• **Goal of the exercise**: Pictures do not belong in the copy. Return all of the entries exactly.

═══ Excerpted data

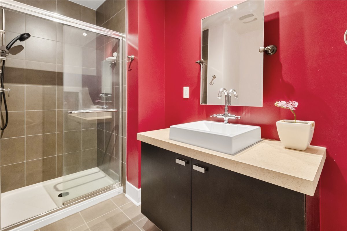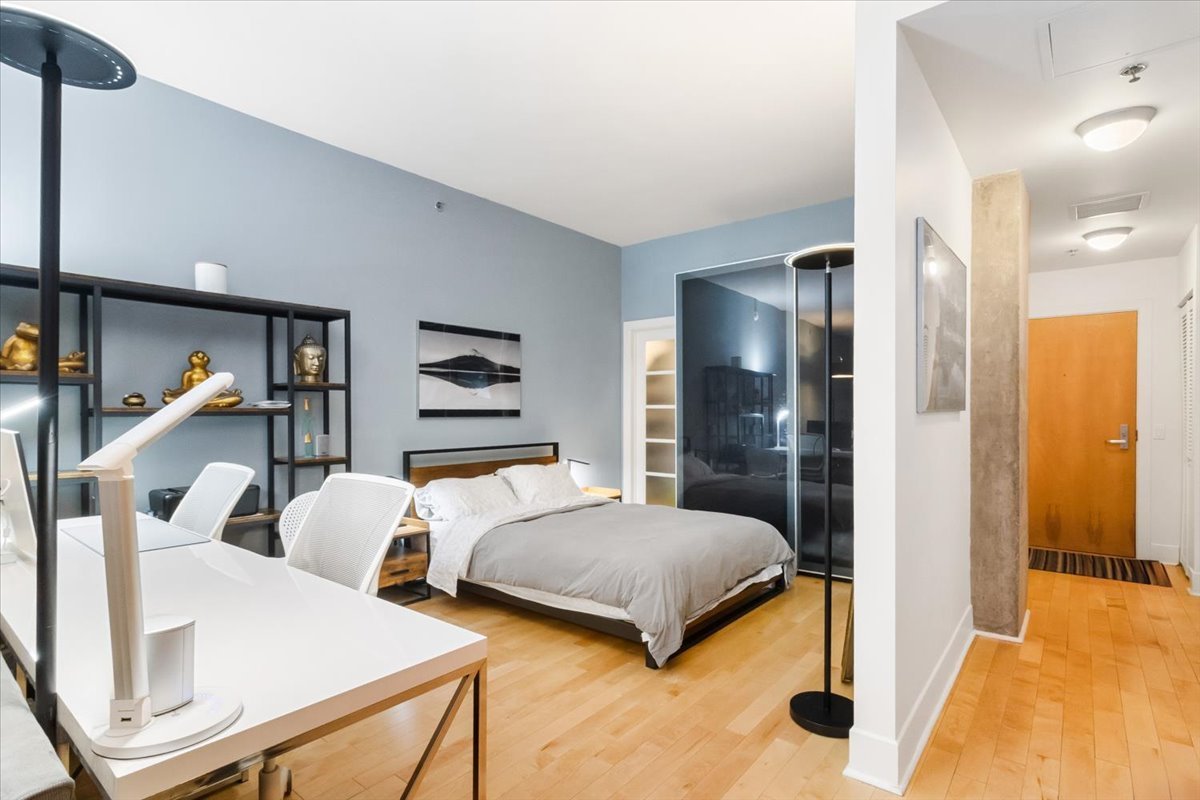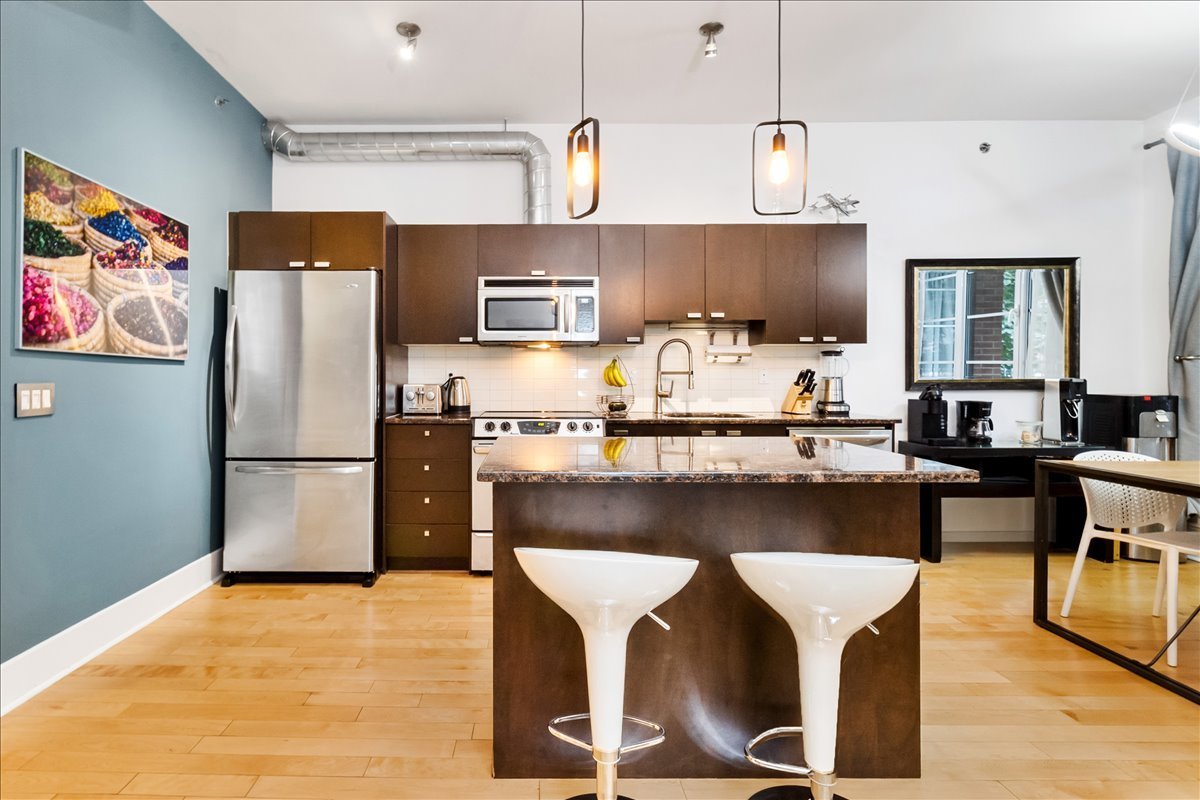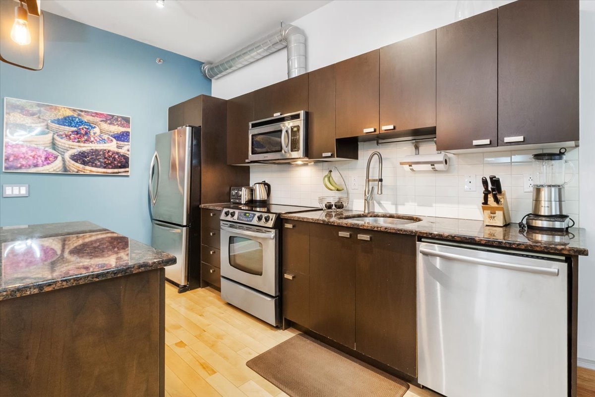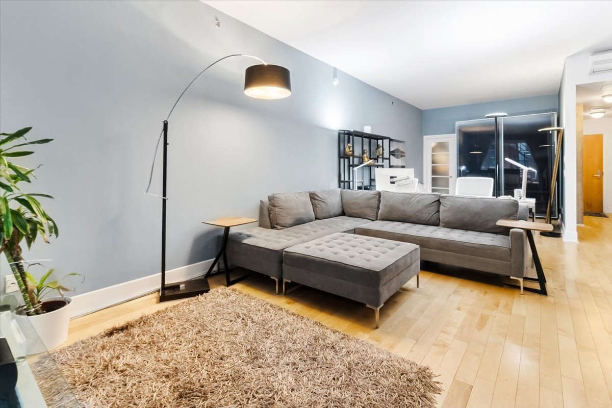QUAI DES ÉCLUSIERS phase 4 | Charmant condo, grande fenestration, plafonds béton 10 pieds, lattes de bois, espace de vie ouvert, cuisine urbaine, une chambre semi-fermée, climatiseur mural, terrasse privée et garage. Espaces communs: piscine intérieur chauffée, sauna, s/exercices, jardin commun, accès au canal et Kayaks.
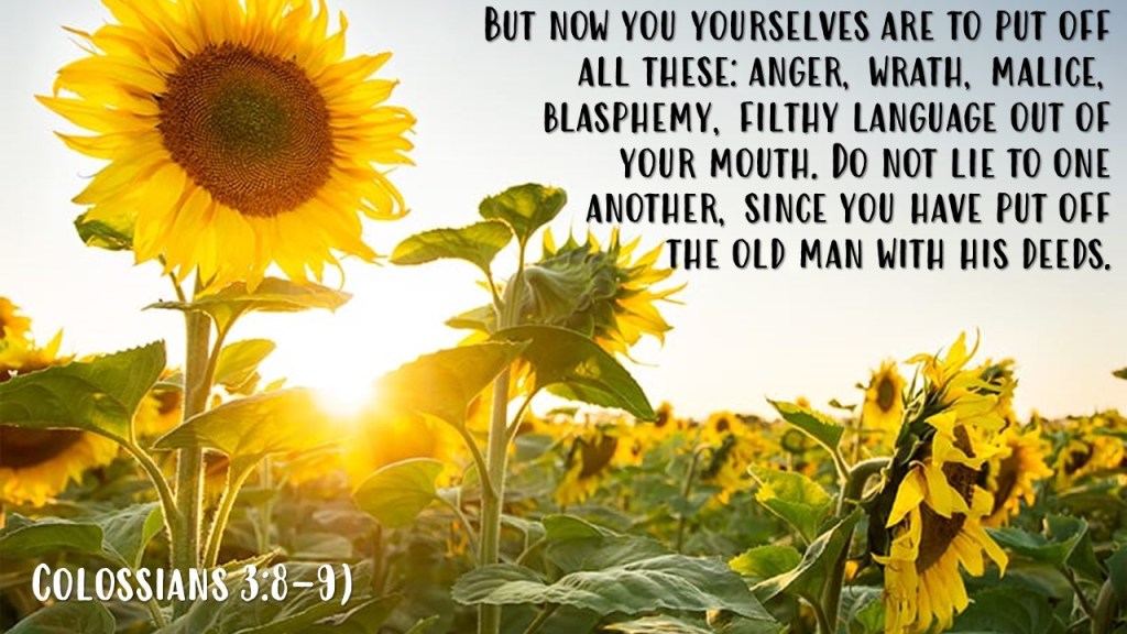 But now you yourselves are to put off all these: anger, wrath, malice, blasphemy, filthy language out of your mouth. Do not lie to one another. (Colossians 3:8-9a)
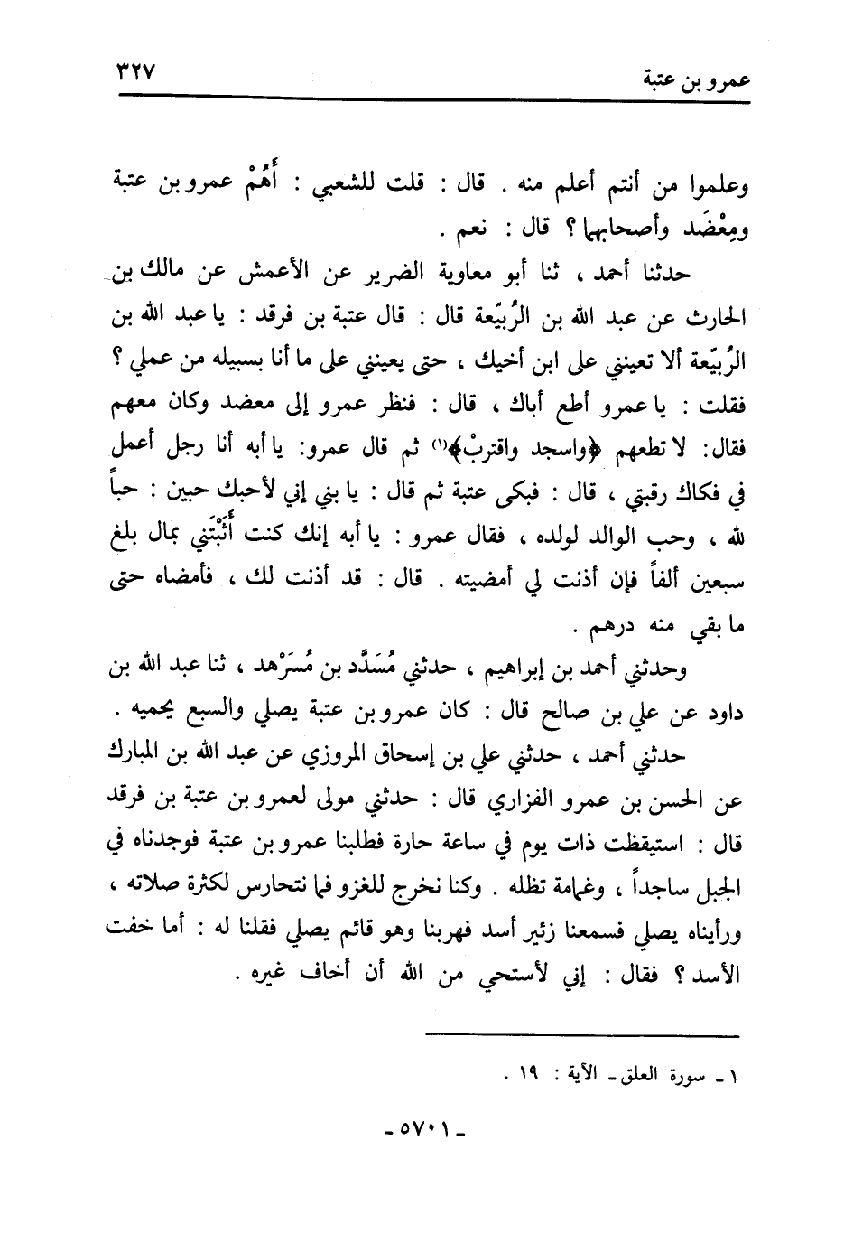 حَدَّثَنِي أَحْمَد، حَدَّثَنِي عليّ بْن إِسْحَاق المروزي عَن عَبْد اللَّهِ بْن المبارك عَن الْحَسَن بْن عَمْرو الفزاري قَالَ: حَدَّثَنِي مَوْلَى لعمرو بْن عتبة بْن فرقد قَالَ: استيقظت ذات يَوْم فِي ساعة حارة فطلبنا عَمْرو بْن عتبة فوجدناه فِي الجبل ساجدًا، وغمامة تظله. وكنا نخرج للغزو فما نتحارس لكثرة صلاته، ورأيناه يصلي فسمعنا زئير أسد فهربنا وهو قائم يصلي فقلنا لَهُ: أَما خفت الأسد؟ فقال: إني لأستحي من الله أن أخاف غيره.
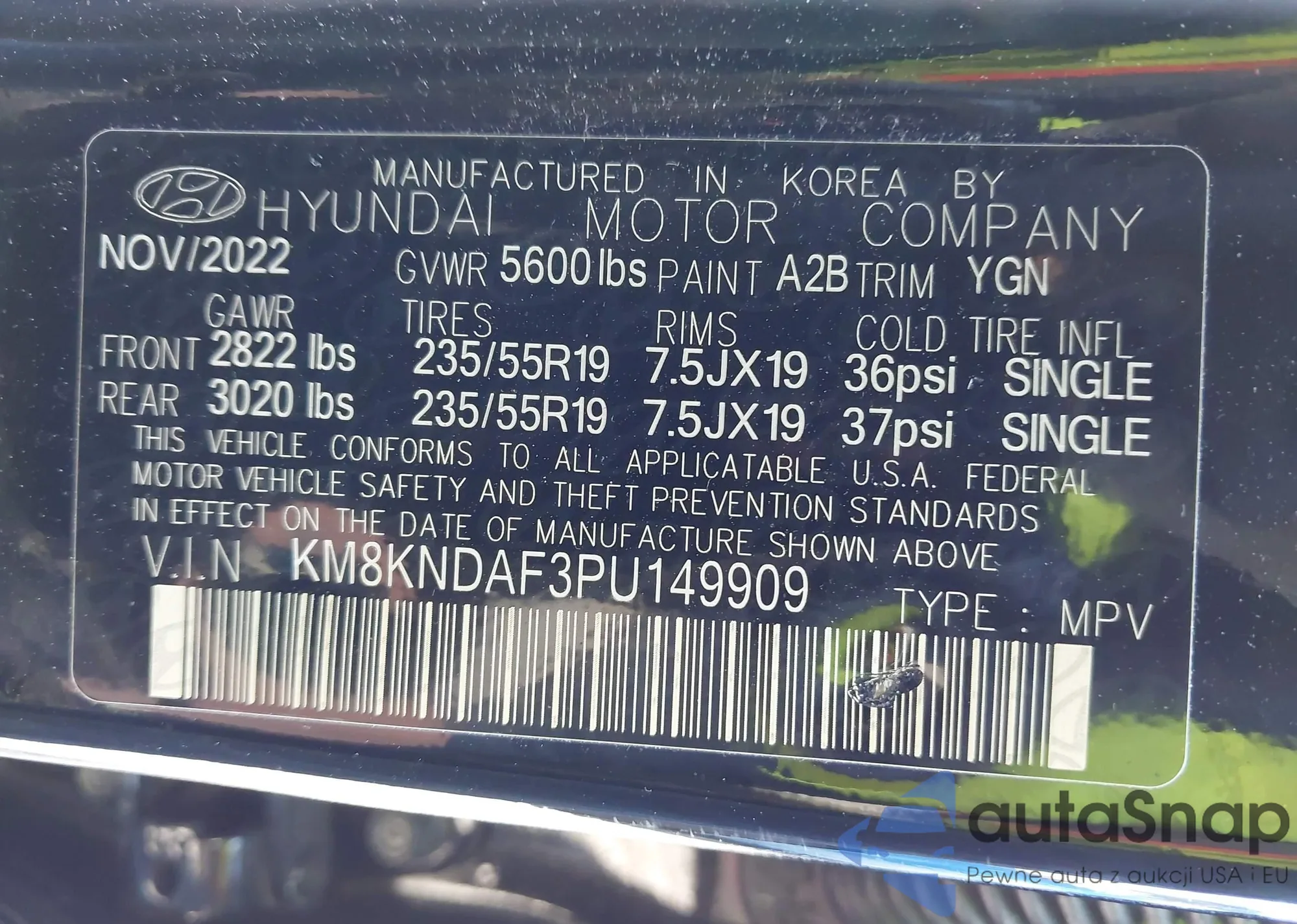 LOT: 43309155 VIN: KNDNB4H33R6328481
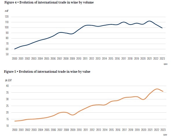 El comercio internacional de vino también se redujo en volumen, con una caída del 6,3%, alcanzando los 99 millones de hectolitros, aunque el valor de las exportaciones se mantuvo alto, con 36 mil millones de euros. El precio promedio por litro de vino exportado alcanzó un récord de 3,62 euros. Italia, España y Francia continuaron siendo los mayores exportadores por volumen y valor, aunque experimentaron descensos en sus exportaciones. En el hemisferio sur, Chile, Australia y Sudáfrica sufrieron fuertes caídas en sus exportaciones debido a menores cosechas.
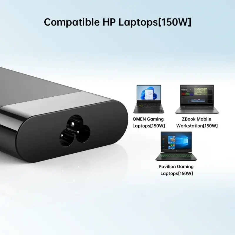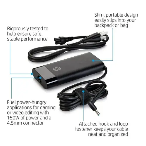 150W (19.5V ⎓ 7.7A) slim adapter with 4.5×3.0mm blue-tip connector. Auto-regulates current for safe, efficient charging and full-power operation during gaming, rendering, or compiling. Worldwide voltage (100–240V). Model family includes HP retail SKU 4SC18AA.

══════

• **The completed task**:
QUAI DES ÉCLUSIERS phase 4 | Charmant condo, grande fenestration, plafonds béton 10 pieds, lattes de bois, espace de vie ouvert, cuisine urbaine, une chambre semi-fermée, climatiseur mural, terrasse privée et garage. Espaces communs: piscine intérieur chauffée, sauna, s/exercices, jardin commun, accès au canal et Kayaks.
 But now you yourselves are to put off all these: anger, wrath, malice, blasphemy, filthy language out of your mouth. Do not lie to one another. (Colossians 3:8-9a)
 حَدَّثَنِي أَحْمَد، حَدَّثَنِي عليّ بْن إِسْحَاق المروزي عَن عَبْد اللَّهِ بْن المبارك عَن الْحَسَن بْن عَمْرو الفزاري قَالَ: حَدَّثَنِي مَوْلَى لعمرو بْن عتبة بْن فرقد قَالَ: استيقظت ذات يَوْم فِي ساعة حارة فطلبنا عَمْرو بْن عتبة فوجدناه فِي الجبل ساجدًا، وغمامة تظله. وكنا نخرج للغزو فما نتحارس لكثرة صلاته، ورأيناه يصلي فسمعنا زئير أسد فهربنا وهو قائم يصلي فقلنا لَهُ: أَما خفت الأسد؟ فقال: إني لأستحي من الله أن أخاف غيره.
 LOT: 43309155 VIN: KNDNB4H33R6328481
 El comercio internacional de vino también se redujo en volumen, con una caída del 6,3%, alcanzando los 99 millones de hectolitros, aunque el valor de las exportaciones se mantuvo alto, con 36 mil millones de euros. El precio promedio por litro de vino exportado alcanzó un récord de 3,62 euros. Italia, España y Francia continuaron siendo los mayores exportadores por volumen y valor, aunque experimentaron descensos en sus exportaciones. En el hemisferio sur, Chile, Australia y Sudáfrica sufrieron fuertes caídas en sus exportaciones debido a menores cosechas.
 150W (19.5V ⎓ 7.7A) slim adapter with 4.5×3.0mm blue-tip connector. Auto-regulates current for safe, efficient charging and full-power operation during gaming, rendering, or compiling. Worldwide voltage (100–240V). Model family includes HP retail SKU 4SC18AA.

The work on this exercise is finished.